• [Your objective] Return the lines of the data below starting at the one holding "80% fésült pamut/20%" and ending at the one holding "Com um assinalável", word for word, leaving every picture out.

• [Data below]
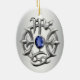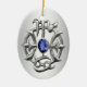 Oval keramiskt prydnadsämne med en bild på båda sidor av en silver Scorpio- och Pisces-medallion med en mousserande blå safir på silver. Se matcha akrylisk fotoskulpturornament. Se hela samlingen av Gemstones & Medallions Ornament i avsnittet HOME.
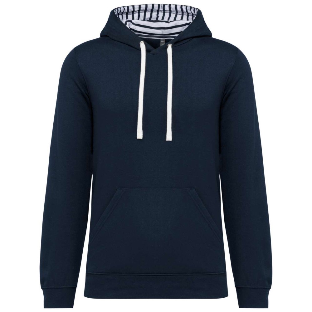 80% fésült pamut/20% poliészter. 3 fonalú pamut. Karcsú szabás. Egyenes ujjak. Kenguru zsebek. Félhold alakú betét a nyakkivágásnál, hogy megkönnyítse a díszítéshez való hozzáférést a nyakkivágás belsejében. 1x1 bordázott mandzsetta és szegély. Tematikusan nyomtatott pamut trikószövetből készült, kontrasztos húzózsinórral bélelt kapucni. Letéphető márkacímke.
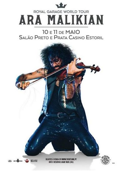Com um assinalável prestígio internacional, Ara Malikian actua, nos próximos dias 10 e 11 de Maio, pelas 22 horas, no Casino Estoril. Numa dupla sessão de espectáculos, Ara Malikian sobe ao palco do Salão Preto e Prata para exprimir todo o seu virtuosismo em “Royal Garage World Tour”.
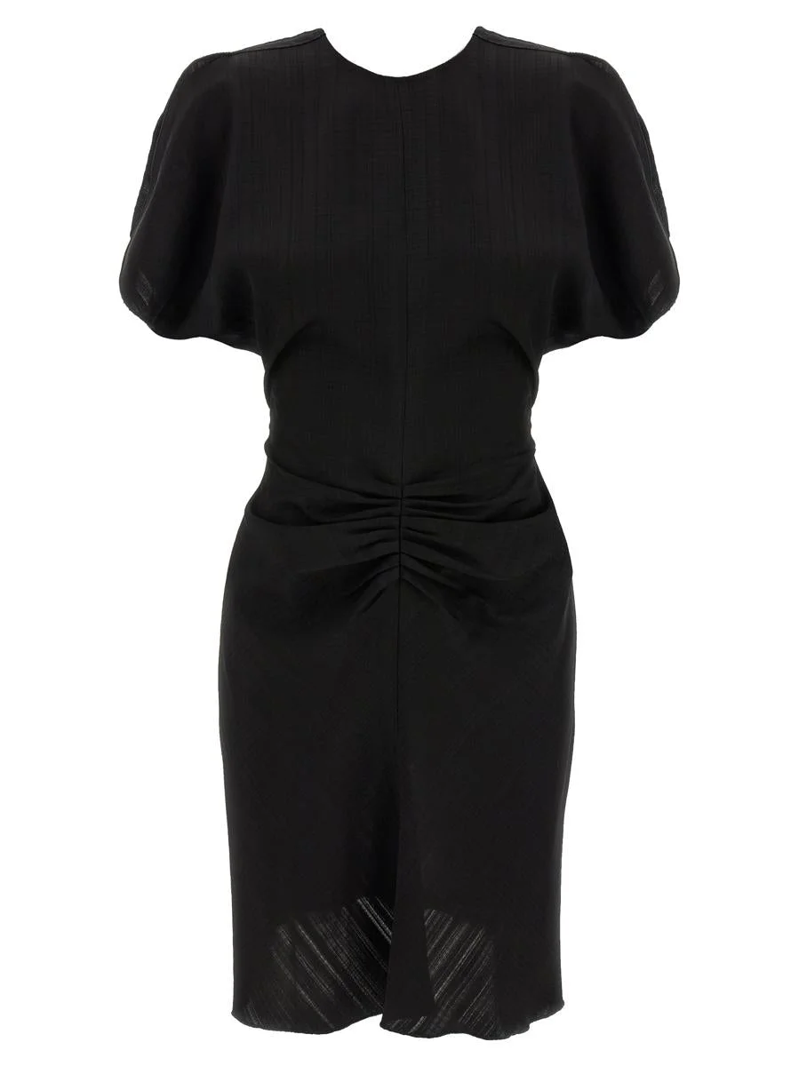 'Gathered Waist Mini' dress in new viscose, tight at the waist with crinkled detail, front round neckline, V-neck and back zip closure, short sleeves with slits, contrast stitching Gender: Women Material: 100% VISCOSE Color: Black Made in: Portugal Product ID: 1424WDR006087ABLACK *Import tax/duty will be calculated at checkout (If applicable)

• [Solution to the exercise]
 80% fésült pamut/20% poliészter. 3 fonalú pamut. Karcsú szabás. Egyenes ujjak. Kenguru zsebek. Félhold alakú betét a nyakkivágásnál, hogy megkönnyítse a díszítéshez való hozzáférést a nyakkivágás belsejében. 1x1 bordázott mandzsetta és szegély. Tematikusan nyomtatott pamut trikószövetből készült, kontrasztos húzózsinórral bélelt kapucni. Letéphető márkacímke.
Com um assinalável prestígio internacional, Ara Malikian actua, nos próximos dias 10 e 11 de Maio, pelas 22 horas, no Casino Estoril. Numa dupla sessão de espectáculos, Ara Malikian sobe ao palco do Salão Preto e Prata para exprimir todo o seu virtuosismo em “Royal Garage World Tour”.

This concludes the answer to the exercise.